PROBLEM REQUIREMENTS —
Below are some records. Return exactly their lines from the one containing "нижнему краю наволочки." through the one containing "An auto insurance", and drop the pictures.

GIVEN DATA —
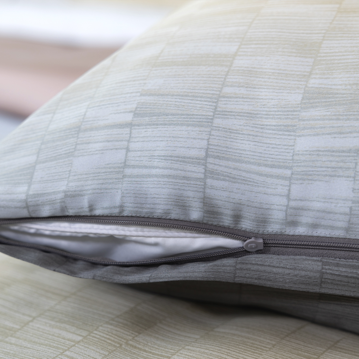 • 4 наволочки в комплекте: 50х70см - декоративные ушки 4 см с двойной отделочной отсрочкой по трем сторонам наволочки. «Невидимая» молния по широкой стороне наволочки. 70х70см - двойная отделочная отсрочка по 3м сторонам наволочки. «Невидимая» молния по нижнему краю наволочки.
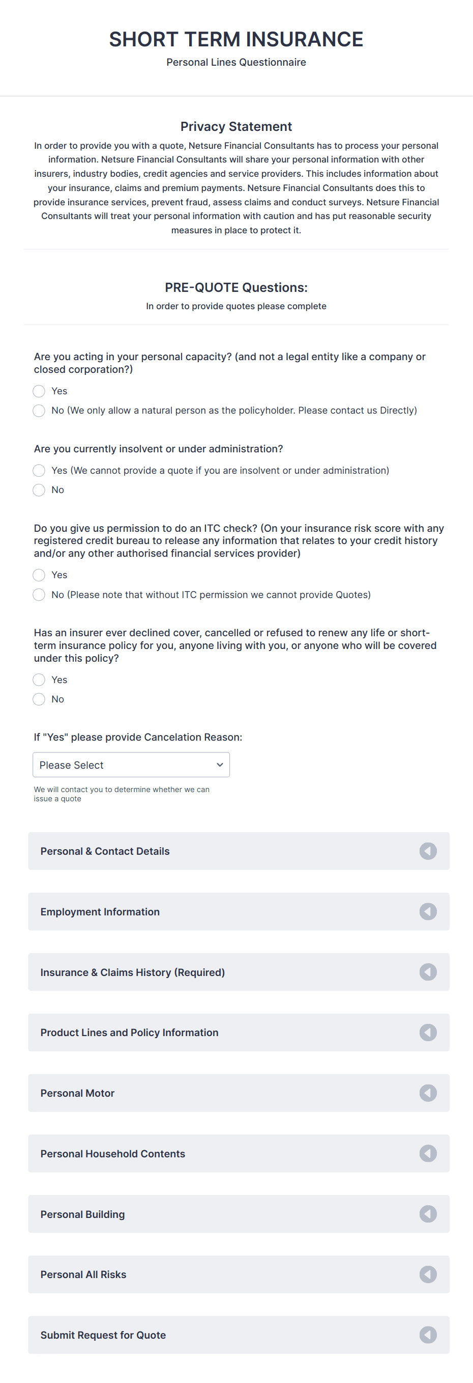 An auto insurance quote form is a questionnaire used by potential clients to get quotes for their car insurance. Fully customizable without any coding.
==
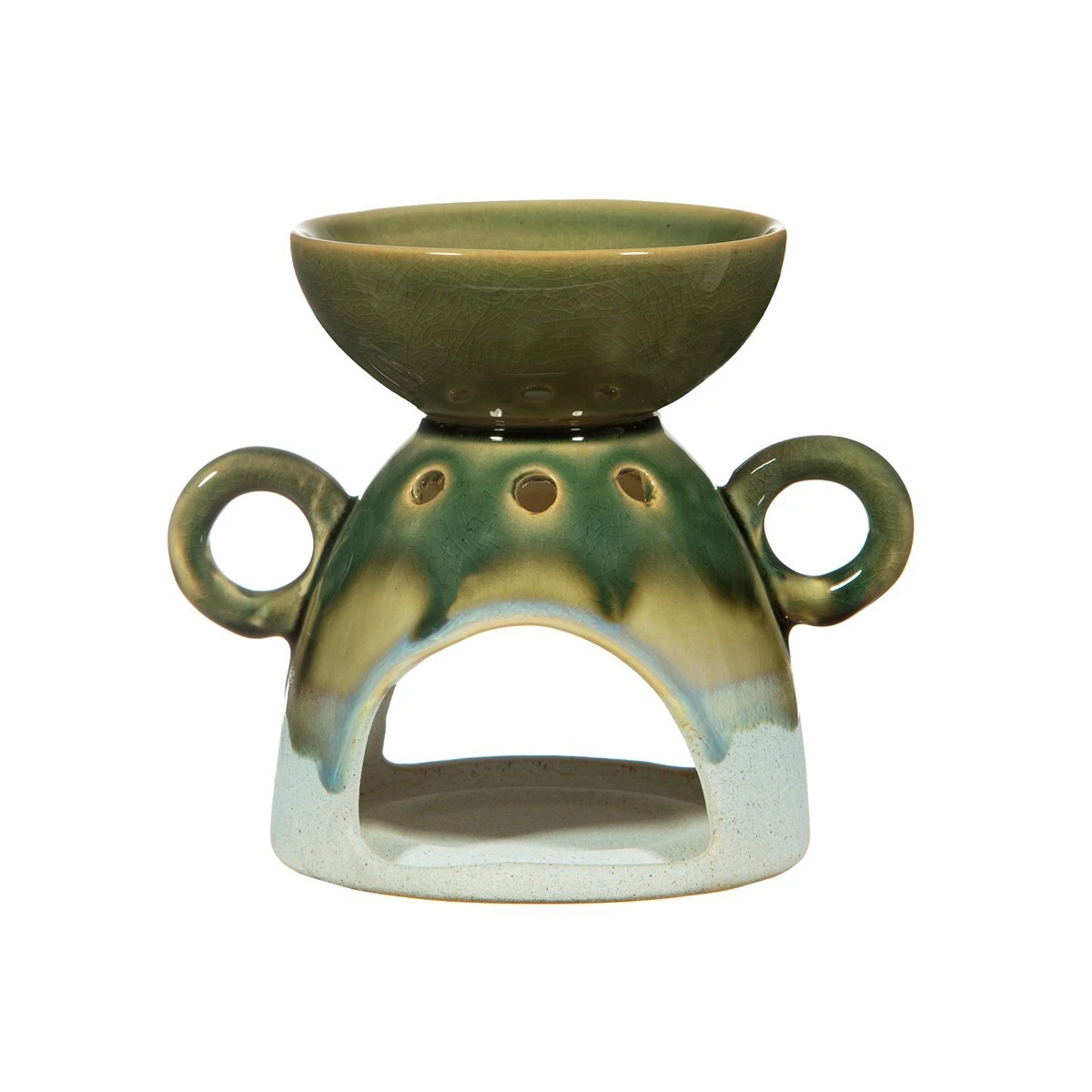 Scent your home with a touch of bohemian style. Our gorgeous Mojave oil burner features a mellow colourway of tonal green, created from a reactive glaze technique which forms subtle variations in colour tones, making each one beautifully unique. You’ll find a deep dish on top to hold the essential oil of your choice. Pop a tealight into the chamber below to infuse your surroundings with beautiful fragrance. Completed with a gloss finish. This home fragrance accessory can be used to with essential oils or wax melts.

SOLVED EXERCISE —
 • 4 наволочки в комплекте: 50х70см - декоративные ушки 4 см с двойной отделочной отсрочкой по трем сторонам наволочки. «Невидимая» молния по широкой стороне наволочки. 70х70см - двойная отделочная отсрочка по 3м сторонам наволочки. «Невидимая» молния по нижнему краю наволочки.
 An auto insurance quote form is a questionnaire used by potential clients to get quotes for their car insurance. Fully customizable without any coding.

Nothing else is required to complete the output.